Затрудняясь с ответом, он потер висок.
– Да, было в этом судне что-то от стагарда… массивный корпус и эта надстройка позади… но парусов больше… три или четыре на каждой из мачт… – Почти непроизвольно он бросил взгляд на поверхность воды в сеноте, и вдруг в ее обсидиановой глубине стремительным фантомом промелькнул грезившийся ему корабль. Брови Дженнака удивленно приподнялись, но смутный мираж уже растаял.
Унгир-Брен шумно выдохнул и что-то пробормотал. Обернувшись к нему, молодой ро'тагир изумился снова: лоб аххаля покрывала испарина, глаза затуманились, будто он выпил сок кактуса из южных пустынь или нанюхался грибов, чей запах погружает в транс. Быстро плеснув хааба в стеклянную чашу, Дженнак протянул ее старику.
– Что случилось, отец мой?
– Ничего. – Унгир-Брен принял сосуд недрогнувшей рукой, и это успокоило Дженнака. – Древняя магия кентиога… Я пытался подсмотреть, что ты видишь… там… – Он кивнул в сторону сенота. – Теперь я представляю, каким был этот корабль… Да, Джен-шай, ничего подобного не строили ни в Коатле, ни в Арсолане, ни у нас, насколько мне известно. Разве что на Островах в последние месяцы…
– Откуда же пришло это видение?
– Не знаю… – Унгир-Брен поднял лицо к россыпи звезд, все отчетливее проступавших на темнеющем небе. – Может, из грядущего, может, из иного мира… одного из тех, что мерцают сейчас над нами за океаном Великой Пустоты… – Он вздрогнул и накрыл руку Дженнака своей сухой горячей ладонью. – Хватит на сегодня, родич. День был длинный, а совет и того длиннее… Иди! Ты устал и наверняка хочешь есть.
Дженнак поднялся на ноги, расправил полы своего пурпурного шилака; белые соколиные перья, скрепленные серебряным полумесяцем, колыхались над его головой, перевязь красной кожи оттягивал тяжелый тайонельский чель-иту. Он замер, подставив лицо налетевшему с моря бризу, глубоко вдыхая прохладный воздух. Да, длинный был день… и многое сегодня случилось впервые… В первый раз он занял место в совете, в первый раз получил власть над войском, над пятью сотнями бойцов… и в первый раз услышал имя Чоллы Чантар. Резко повернувшись, Дженнак протянул руку к старому жрецу.

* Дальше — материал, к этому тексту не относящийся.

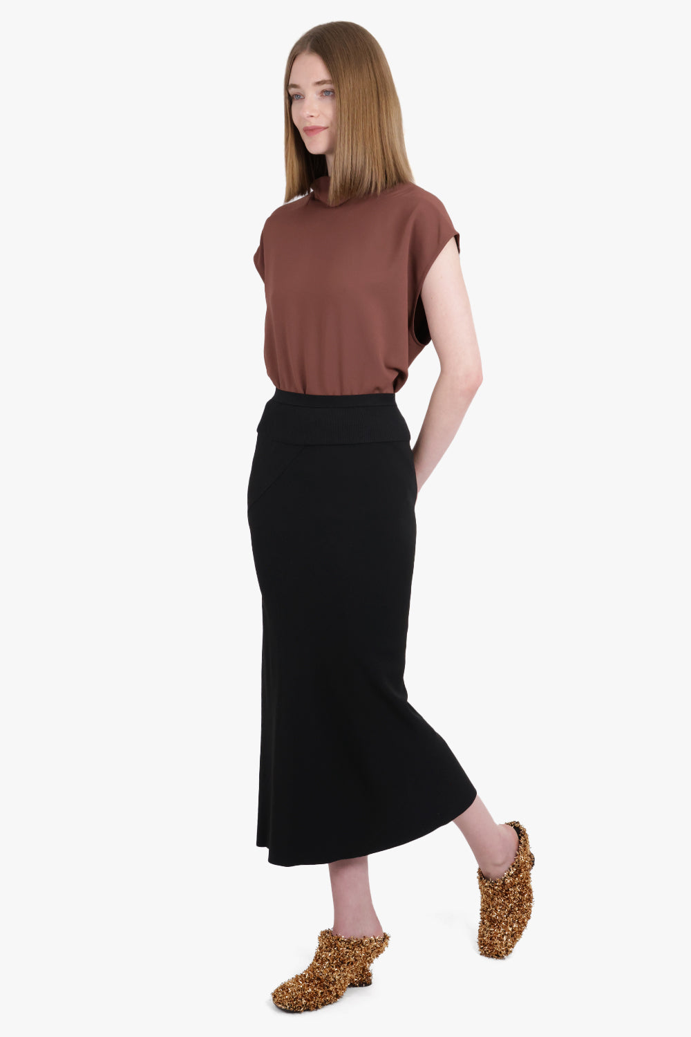 High Neck S/S Edfu T Top | Brown

– Только один вопрос, мудрейший… Скажи, мне обязательно делить ложе с этой арсоланкой? С четырнадцатой дочерью Че Чантара?
Унгир-Брен усмехнулся, пожал плечами.
– А! Вот что тебя волнует! Ну, сын мой, есть сто способов, как приготовить земляные плоды, и всегда можно выбрать наилучший – тот, что подходит тебе больше других. Рано или поздно тебе придется взять эту девушку… Но кто сказал, что ты должен спешить, повинуясь первому же слову Фарассы? Жизнь светлорожденных длинна… – Старик встал, сделал шаг к темному порталу храма и бросил через плечо: – Я поговорю с великим сагамором. Скажу, чтобы он тебя не торопил.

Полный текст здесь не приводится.